God told Adam and Eve they would surely die if they ate of the tree of the knowledge of good and evil. Our first parents understood the commandment. But when Eve “saw that the tree was good for food, and that it was pleasant to eyes, and a tree to be desired to make one wise”, she ate the fruit and gave it to Adam who ate as well (Gen. 3:6). They knew this was wrong and they knew there would be consequences. Their own desires blinded them. They lived for the moment, and their story is repeated every day. People lie to themselves about the future so that they can enjoy pleasure in the present.

The devil is masterful at hiding the consequences of sin. He blinds the eyes of unbelievers (II Cor. 4:4), but he temporarily blinds Christians as well. He makes sin look so enjoyable that we ignore its results. William Gurnall said, “Satan leads poor creatures down into the depths of sin by winding stairs, that let them not see the bottom whither they are going...Many who at this day lie in open profaneness never thought they should have rolled so far from their modest beginnings.”

Every beer and liquor advertisement uses this deception.

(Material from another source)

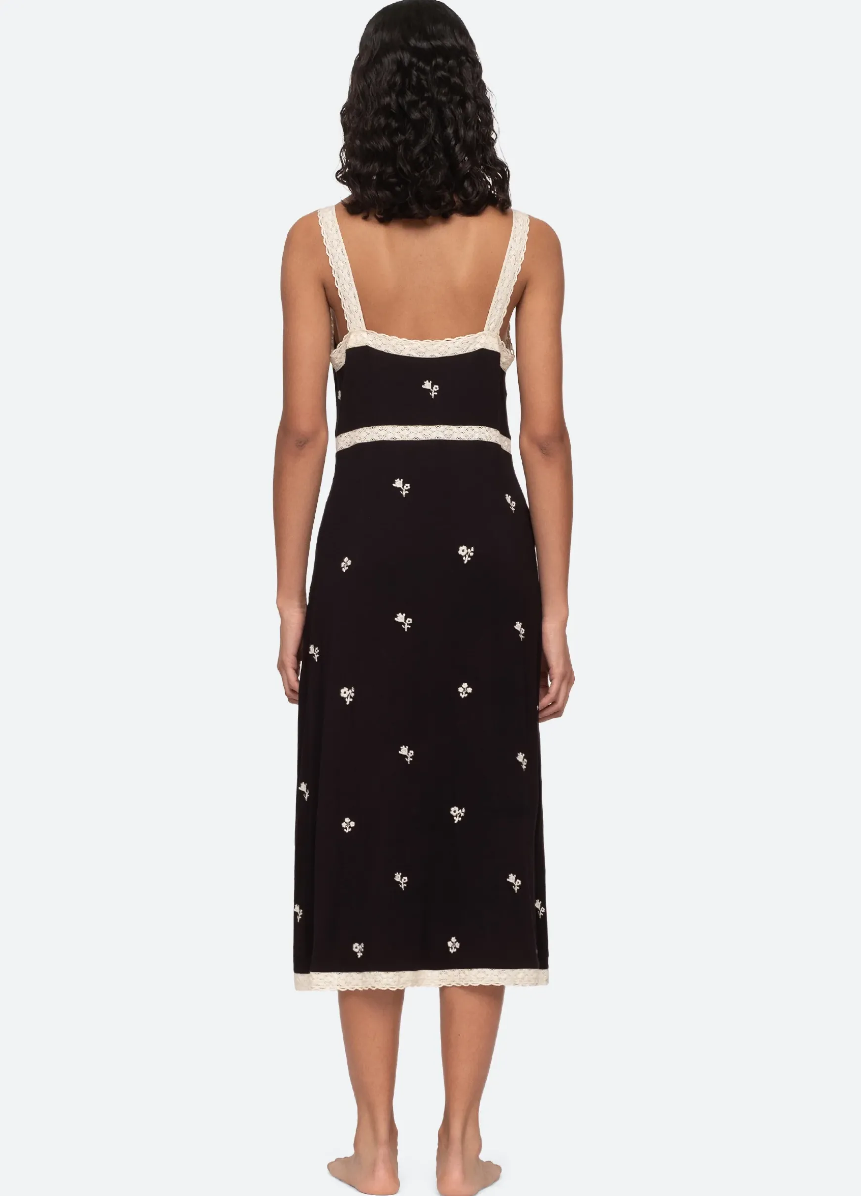 The Rubina embroidery pajama slip dress features floral embroidery and lace detailing.

They present alcohol as the way to fit in and have fun. This lie has blinded men for thousands of years. Solomon wrote,

“Look not thou upon the wine when it is red, when it giveth his colour in the cup, when it moveth itself aright. At the last it biteth like a serpent, and stingeth like an adder” (Prov. 23:31-32).

How many teenagers who thought drinking was cool later wish they had never tasted alcohol? How many homes have been ruined by it? How many lives have been lost because of it?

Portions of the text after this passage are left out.